Saturday, May 2, 2020

Retrospective #441: Have I cured my Type 2 diabetes?

“You’re cured,” the clinician told me. “You no longer have Type 2 diabetes.” You’d think I would greet this news with a sigh of relief since years ago I had an A1c as high as 8.9%; but I did not, because I knew it simply wasn’t true.
I was not, however, surprised with that doctor’s response. I had just told her that, although I had been diagnosed a Type 2 34 years ago, my A1c was now 5.0% and my average FBG was in the mid-80s. From the clinician’s point of view, as one who treats patients according to the ADA’s Standards of Medical Care, her goal was for her to manage my diabetes to get my A1c to ≤7.0%, or even ≤6.5%, the diabetes diagnosis threshold. Thus, to her, clinically speaking, I was “cured.” I asked her, “Would you then write on my chart that I no longer had diabetes?” She replied, “Yes.”
When I shook my head in dismay, she asked me why I wouldn’t accept this “good news.” I replied, “Because I will always have Insulin Resistance and therefore will always be diabetic.”  She just smirked, not wishing to get into an argument. We were, after all, just chatting in a social setting after a panel discussion in NYC with Gary Taubes. Nevertheless, she said dismissively, and with medical authority, that what I said was untrue. I left it at that. The divide between us was too great. In her view, unlettered dotards like me shouldn’t be taken seriously.
This doctor wasn’t my doctor and wasn’t going to be. Except for my MD friends who read this blog – and there are a few – I leave the one-on-one re-education of the trained professional to others. But, as the Dr. Eric Westman sadly said to me a few years ago, in Retrospective #402 here, “Ignorance is the biggest problem.” Gary Taubes expressed a corollary sentiment to me that night. He said the Low Carb “movement” has increased 100 fold in just a few years from 1/100th percent to 1 percent. That’s a huge relative improvement…yet still an abysmal state of affairs. There is yet so much work to be done to overcome the entrenched positions in the political, agribusiness, big pharma, public health, medical, and other special interest establishments.

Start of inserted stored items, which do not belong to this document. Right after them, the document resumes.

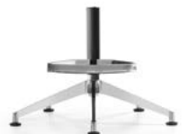
_8 Fünfsternfuss mit Fussbügel, Alu poliert, Rollen | Gleiter Piétement 5 branches avec repose-pieds, alu poli, roulettes | glisseurs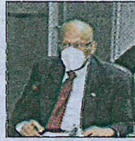
ML | Héctor Alexander, MEF.

ML | El ministro de Economía y Finanzas, Héctor Alexander, propuso ante la Asamblea Nacional disminuir el monto de los viáticos que reciben los funcionarios públicos cuando viajan en misiones oficiales, tanto a nivel nacional como internacional. Actualmente, el viático asignado por día para los altos funcionarios que viajen a Europa, Asia y Oceanía, en con-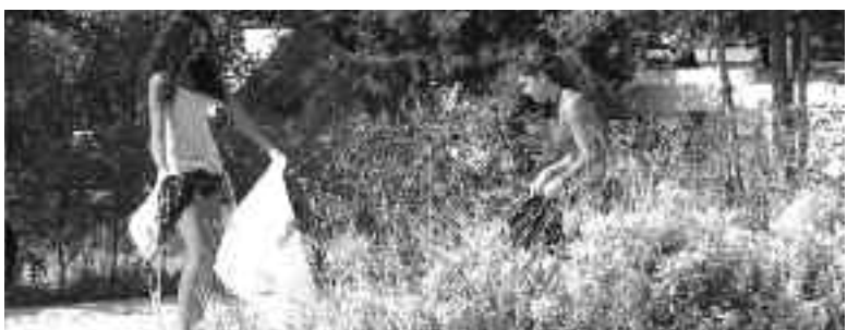
Περιβαλλοντικά ευαίσθητοι από μικροί...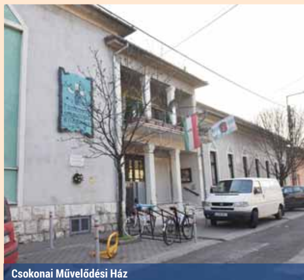
Csokonai Művelődési Ház

– Nagyon büszke vagyok a minősített intézmény címünkre. Ennek az utókövető auditján nagyobb százalékot kaptunk, mint előtte, ami azt jelenti, az intézmény szakmailag továbbfejlődött. Hiányérzetem abban, hogy valamit feltétlenül meg szerettem volna csinálni, de nem tehettem meg, nincs. Minden ötletünk, újításunk valamilyen formában megvalósulhatott. Metz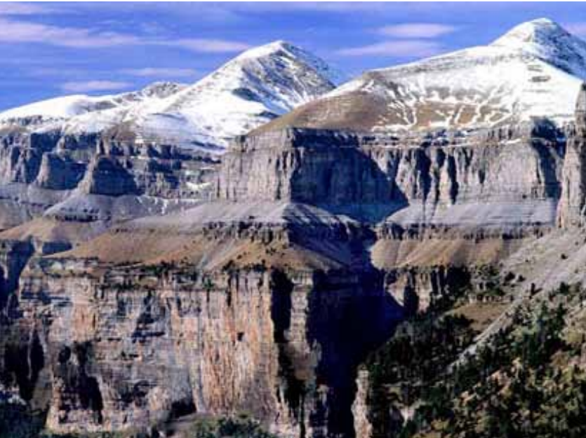
Parque Nacional de Ordesa y Monte Perdido.

para con las instalaciones individuales, donde cada casa esta alimentada por un sistema de generación independiente. Además, permite utilizar un único equipo de transformación de potencia y de regulación para atender al conjunto de casas, por lo cual las tareas de mantenimiento resultan más sencillas. Un solo grupo electrógeno auxiliar alimentado con gas propano asegura el suministro en caso de avería del sistema fotovoltaico o cuando se manifiesten condiciones meteorológicas excepcionalmente desfavorables.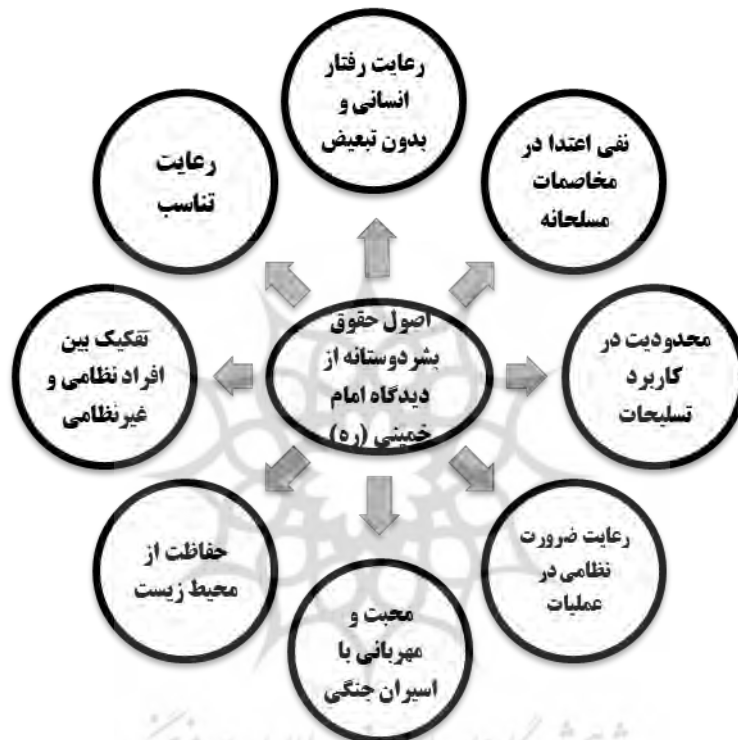
شکل ۲. اصول حقوق بشردوستانه از دیدگاه امام خمینی (ره)

شایان یادآوری است که واژه حقوق بشردوستانه به طور خاص در بیانات امام خمینی (ره) استفاده نشده است، اما بسیاری از اصول و قواعد آن مورد اشاره ایشان بود که می‌توان در شکل ۲ خلاصه کرد.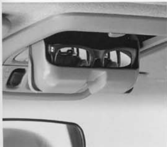
Brillenfach in der Dachkonsole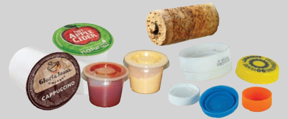
Маленькие крышки, колпачки и стаканчики (меньше 3 дюймов в диаметре)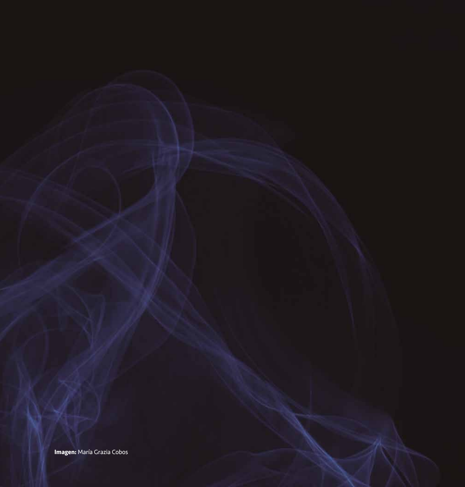
Imagen: María Grazia Cobos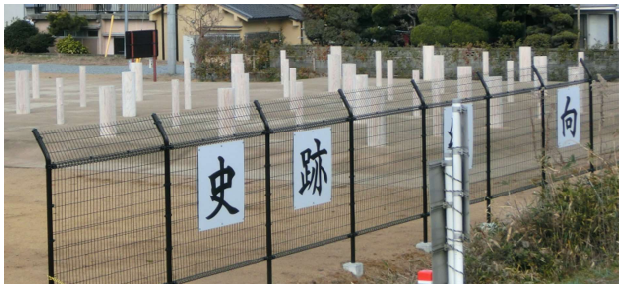
巻向駅近くの「大型建造物」柱跡地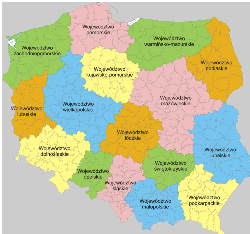
Mapa 2. Podział administracyjny Rzeczypospolitej Polskiej.

Program wprowadza się na terytorium Rzeczypospolitej Polskiej. Programem jest realizowany na obszarze 16 województw, obejmujących 314 powiatów oraz 66 miast na prawach powiatów.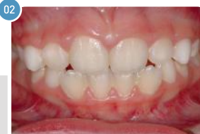
Criança de 7 anos | Depois do uso do aparelho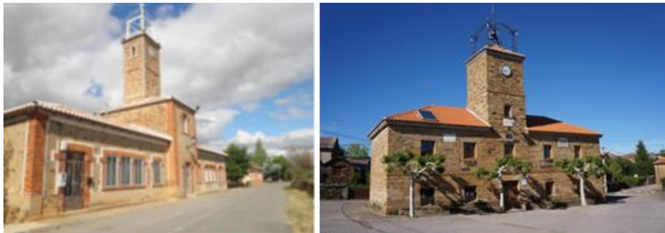
Figura 6: Escuela de Valdespino de Somoza y Escuela de Quintanilla de Somoza.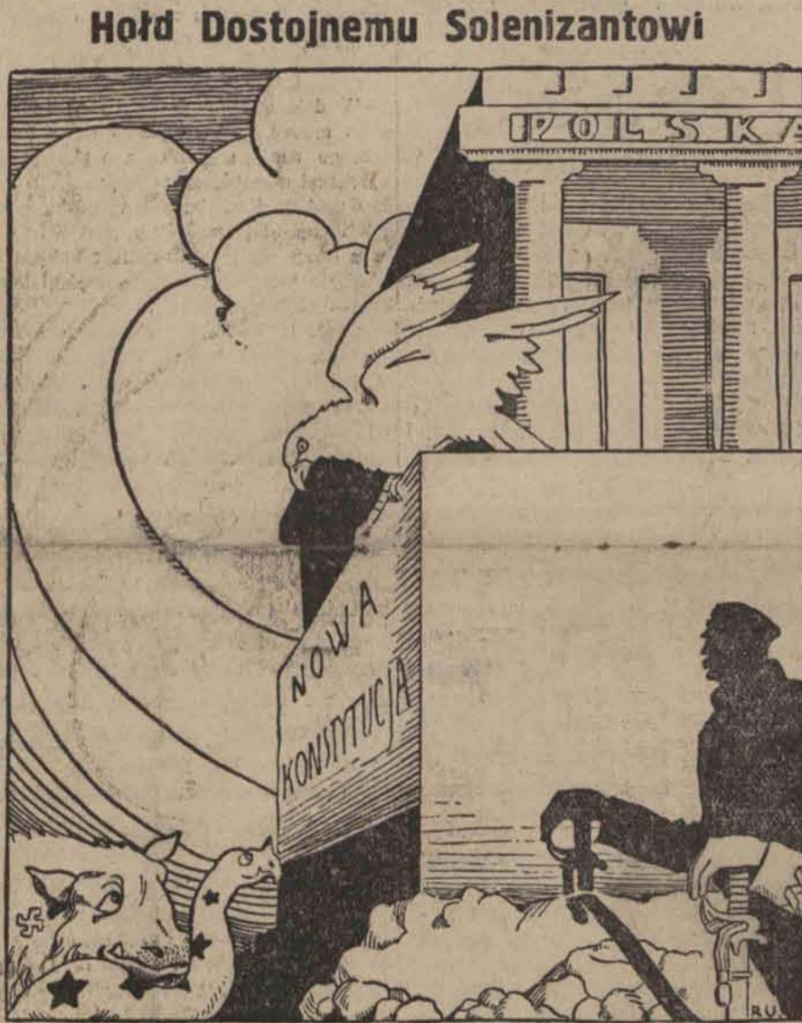
Wielkiemu Budowniczymu mocarnej Polski składa w dniu dzisiejszym całe społeczeństwo.

Mimo gorączki samopoczucie marszał- ka było zupełnie dobre. Influenza trwa- ła krótko i marszałek Piłsudski ponow- nie zabrał się do przerwanej pracy nad swoim dziełem.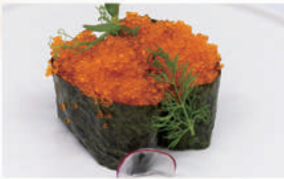
484. GUNKAN TOBIKO Uova di pesce volante 4. € 3,00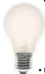
Glödlampor byter du själv.

Ta bort hårbollar och annat som kan fastna.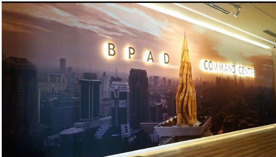
Gambar 2.2 Tampak Depan Kantor BPAD

Badan Pengelolaan Aset Daerah (BPAD) provinsi DKI Jakarta adalah Lembaga pemerintahan yang bergerak di bidang akuntabilitas pengelolaan barang milik daerah Provinsi DKI Jakarta. BPAD merupakan unsur fungsi penunjang urusan pemerintahan bidang keuangan pada sub bidang pengelolaan aset, yang dipimpin oleh seorang Kepala Badan yang berkedudukan di bawah dan bertanggung jawab kepada Gubernur melalui Sekretaris Daerah, BPAD dalam melakukan tugas dan fungsinya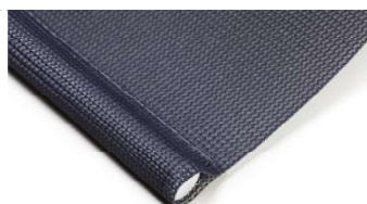
Rund, insydd Art.nr. R90805 insydd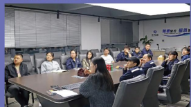
安全板块：将文化融入责任，让安全成为本能

本刊讯（泉舜流控 宋秦）为帮助新同事快速融入泉舜大家庭，深入理解企业文化内涵，4月15日，公司精心组织召开了2026年新员工入职培训会议。本次培训以企业文化为主线，融合安全管理、制度规范等内容，为新员工开启了一场兼具专业深度与文化温度的成长之旅。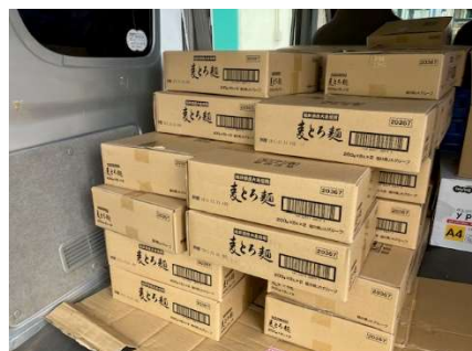
JA福井県経済連様よりむぎとろ麺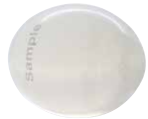
Con casquete reforzado

Implantes rellenos de gel de silicona o de elastómero de silicona suave, con casquete reforzada o guía de aguja, disponibles en cinco tamaños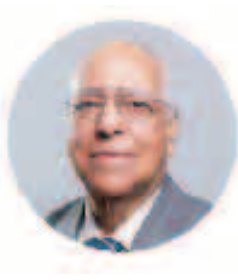
RICARDO CABRISAS RUIZ Viceprimer Ministro y Ministro del Comercio Exterior y la Inversión Extranjera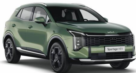
EXG - Experience green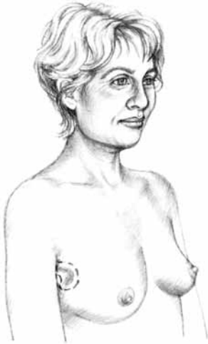
Lwmpectomi neu doriad llydan lleol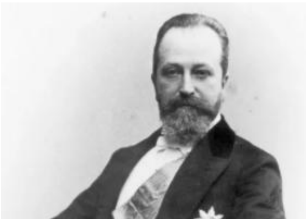
Коковцов В.Н. (1853–1943)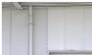
塗布なし クリーンマジック塗布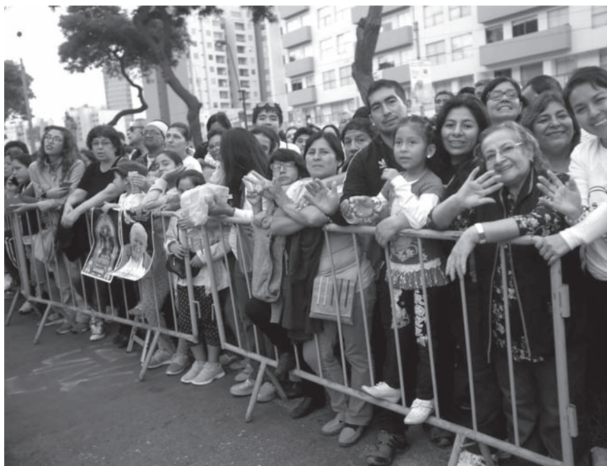
Peruanos a la espera del Papa en las afueras de la Nunciatura Apostólica.

El Vicario de Cristo, nos invita a dejar de lado el resentimiento, la violencia y la venganza para vivir como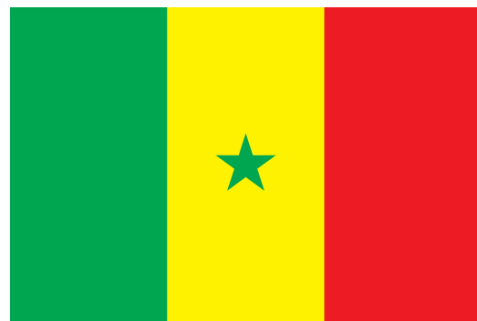
À LAAMB (SENEGAL)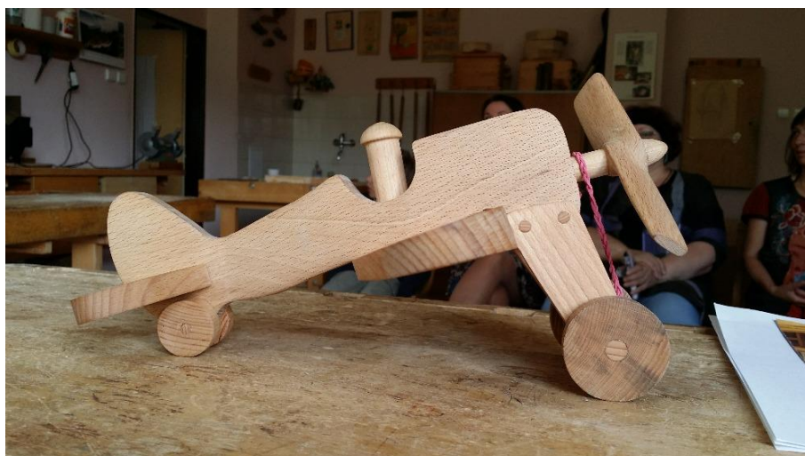
Závěrečná akademie a jarmark

But I digress. Insulin Resistance is a dysfunction of a biological process, in those genetically predisposed, such that the insulin receptors on cells that ordinarily open to allow glucose energy to enter and nourish them, no longer function properly. When these insulin receptor cells “resist” opening, and the uptake of glucose is impaired, the pancreas secretes more insulin to help out. Type 2 diabetes is thus a disease of too much insulin in the blood stream. Characteristically, Type 2s have both an elevated blood glucose and an elevated blood insulin.
The elevated blood glucose is what clinicians use to detect the presence of incipient pre-diabetes or Type 2 diabetes. Today the hemoglobin A1c (HbA1c) blood test is used for diagnosis. Previously, an elevated fasting blood glucose (FBG) was used. The gold standard, still used by most endocrinologists, is the Oral Glucose Tolerance Test (OGTT). It takes at least 2 hours (mine was in a hospital outpatient department) and is thus more expensive. The easiest test is to measure your waist/hip ratio (for visceral adiposity); anything over 1.0 (male) or .8 (female) signals insulin resistance.
The elevated blood INSULIN causes OBESITY. While insulin is elevated, the body must rely on food by mouth for energy. Most people eat carbohydrates in every meal and frequently between meals. So, if you have a little Insulin Resistance, your blood INSULIN level stays high ALL THE TIME. That’s why you are always hungry and why, when we eat more and more often, extra calories, whether carbohydrates or fat, are stored as fat. Only when your blood INSULIN level drops will the liver look for an alternate energy source. It will first use glycogen (stored glucose in the liver) and then, after a day or two, turn to breaking down body fat for energy. But to do this, a person either must eat VERY LOW CARB at virtually every meal, and not snack, or FAST for a day or two, or BOTH.
So, while I have no clinical signs of Type 2 diabetes, because of my low A1c and average FBG, and doctors in a clinical setting may regard me as “cured,” I know that I am still Insulin Resistant. I know that it is only because I eat Very Low Carb most of the time, and fast a few days most weeks, that MY INSULIN RESISTANCE IS NOT EXPRESSED. But my Insulin Resistance will always be there, albeit somewhat less dysfunctional because it is less stressed, and that is why I will always be a Type 2 diabetic – A (THIN) TYPE 2 DIABETIC, IN REMISSION, BUT ONLY BECAUSE OF THE WAY I EAT.